Passwords match exactly. Biometric embeddings — and, more broadly, the feature vectors inside any modern recognizer — do not: every measurement carries a different noise realization, and the resulting embedding drifts. The whole point of using a biometric is to spare the user the burden of carrying a secret, so the basic challenge of biometric template protection (BTP) is to authenticate fuzzy data without a secret key while keeping the underlying biometric private. Standard cryptography is not directly applicable, and the right repair depends on the deployment setting.
In verification (1:1 matching), the absence of a secret key is exactly the design constraint. Storing the template in plaintext leaks the underlying biometric the moment the database is breached, and encrypting it under a user-held key reintroduces the burden biometrics was meant to remove. What is needed instead is a public-key-only transformation that keeps the embedding matchable but irreversible — so that the protected template can be released without leaking the source biometric. My work on the verification side combines real-valued error-correcting codes with hash functions to do exactly this: IronMask (CVPR 2021), Deep Face Template Protection in the Wild (Pattern Recognition 2025), and SilverMask (IEEE Access 2026), the last introducing a fine-grained noise-correction mechanism.

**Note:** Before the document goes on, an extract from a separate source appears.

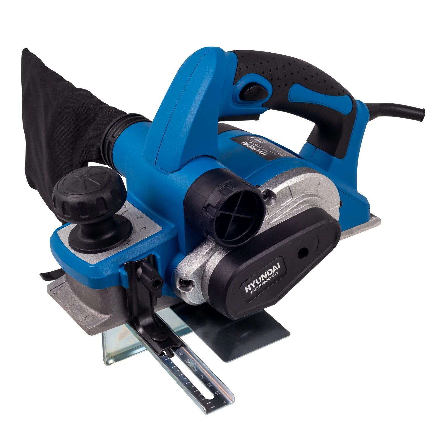 Deze uiterst krachtige Hyundai schaafmachine heeft grote mesassen voor toepassingen tot 4 mm spaandiepte. De bijgeleverdezijgeleider kan je evenwijdig met het houten werkstuk schaven of sponningen maken. De spaanuitworp kan aan 2 kanten wordeningesteld, terwijl de solide aluminium voetplaat, met drie V-vormige groeven, voor het eenvoudig afschuinen van randen en vlakkeresultaten oplevert. De ergonomische handgreep en de softgrip zorgen voor een veilige en comfortabele, stevige grip.De schaafmachine wordt geleverd met een parallelaanslag voor nauwkeurige schaafresultaten, een sponningdiepteaanslag voor hetmaken van uitsparingen en een TCT-schaafmes (omkeerbaar mes).

In identification (1:N search) the operational picture is different. At airport-scale or building-access-control scale, a single long-lived secret key held by the deciding party is a reasonable assumption — the convenience constraint is on the user side, not the operator. That assumption opens the door to homomorphic encryption: the server can match a probe against millions of enrolled templates without ever decrypting them. The catch is cost — a naïve homomorphic distance over every template is far too slow in practice. IDFace (ICCV 2025) closes that gap with an efficient encoding paired with an almost-isometric transformation, pushing large-scale homomorphic identification into a practical regime.
Cutting across both is the question of which transformations are actually irreversible. Many published BTP schemes — locality- sensitive hashing, random projection, learned transformations — turn out to be invertible under modern decoders. IEEE TDSC 2025 gives a unified account of when LSH-based protections leak the underlying template, and when they do not.
Many adjacent problems reduce to the same primitive: securely computing cosine similarity between high-dimensional vectors. Privacy-preserving retrieval for RAG, fuzzy private set intersection, and other high-dimensional similarity-search settings all share the geometry studied above and connect naturally to this line of work.
Empirical robustness is fragile — a recognizer that resists today's attacks can fall to tomorrow's. Certified robustness sidesteps the arms race by giving a mathematical guarantee: no adversarial perturbation within a specified radius can flip the decision. Adapting this framework to recognition is non-trivial: the standard randomized-smoothing toolbox assumes classification, while recognition lives on a metric space.
Our work at ECCV 2024 and IEEE T-BIOM 2025 studies how certified-robustness analyses transfer to recognition geometry, identifies where the assumptions break, and proposes targeted fixes.